Task directions :: For this task, output every entry below exactly and omit the pictures.

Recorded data
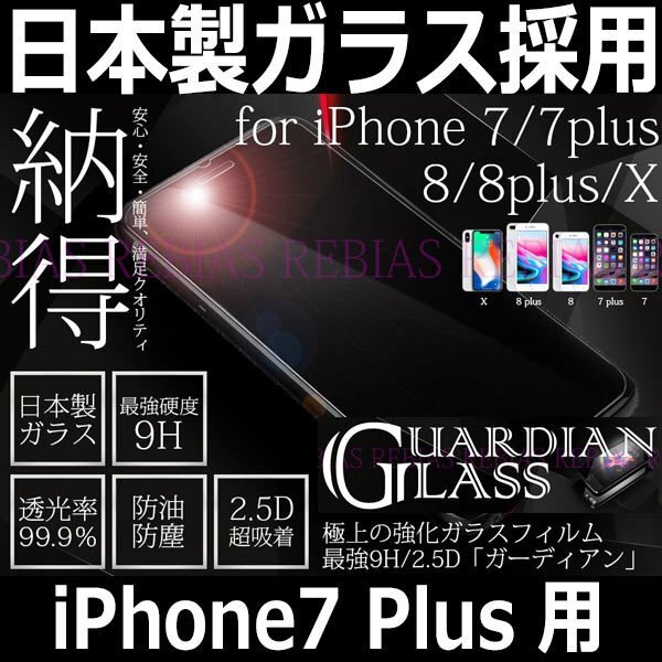 - 送料無料 日本製ガラス採用 HARVESコーティング 【iPhone7Plus】用 9H ガラスフィルム 保護フィルム 強化ガラス 破損防止 GUARDIAN GLASS
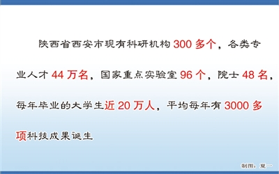 虽然地处西部,但陕西西安的科技实力紧随北京、上海之后,位居全国第三,优势明显。据介绍,西安市现有科研机构300多个,各类专业人才44万名,国家重点实验室96个,院士48名,每年毕业的大学生近20万人,平均每年有3000多项科技成果诞生。
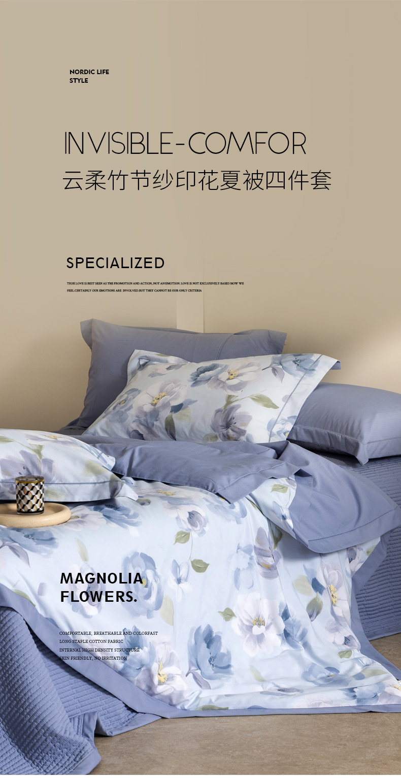 当前位置: 91家纺网 > 商品网购 > 被子 > 夏被 > 立奥被业 2026新品冰丝棉夏被四件套竹节纱夏被四件套 静谧花园-蓝
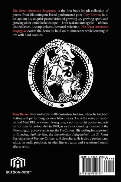 The Great American Scapegoat is the first book-length collection of poems from Bloomington-based performance poet Tony Brewer. In it, he lays out his singular poetic vision of growing up, growing apart, and growing older amid the landscape - both real and intangible - of these United States. A sharp, eclectic, personal reflection, The Great American Scapegoat evokes the desire to hold on to innocence while learning to live with hard realities.
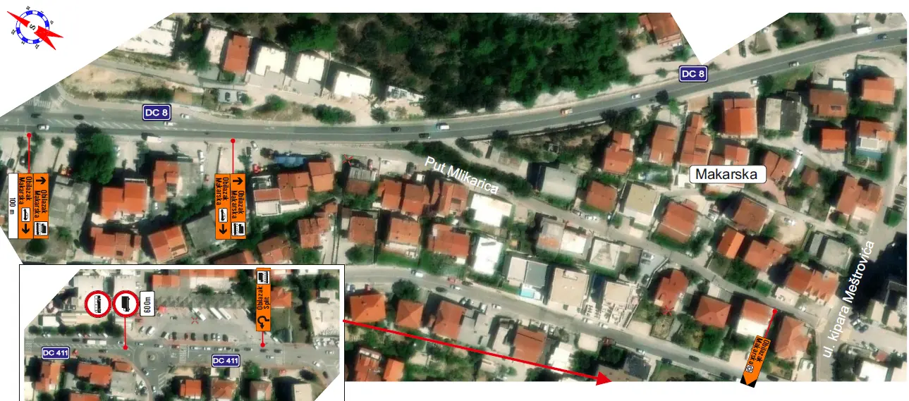 Promet se preusmjerava preko državne ceste DC8 (Dubrovačka ulica), pa dalje prema Ulici Stjepana Ivičevića.

Problem solution ::
 - 送料無料 日本製ガラス採用 HARVESコーティング 【iPhone7Plus】用 9H ガラスフィルム 保護フィルム 強化ガラス 破損防止 GUARDIAN GLASS
 虽然地处西部,但陕西西安的科技实力紧随北京、上海之后,位居全国第三,优势明显。据介绍,西安市现有科研机构300多个,各类专业人才44万名,国家重点实验室96个,院士48名,每年毕业的大学生近20万人,平均每年有3000多项科技成果诞生。
 当前位置: 91家纺网 > 商品网购 > 被子 > 夏被 > 立奥被业 2026新品冰丝棉夏被四件套竹节纱夏被四件套 静谧花园-蓝
 The Great American Scapegoat is the first book-length collection of poems from Bloomington-based performance poet Tony Brewer. In it, he lays out his singular poetic vision of growing up, growing apart, and growing older amid the landscape - both real and intangible - of these United States. A sharp, eclectic, personal reflection, The Great American Scapegoat evokes the desire to hold on to innocence while learning to live with hard realities.
 Promet se preusmjerava preko državne ceste DC8 (Dubrovačka ulica), pa dalje prema Ulici Stjepana Ivičevića.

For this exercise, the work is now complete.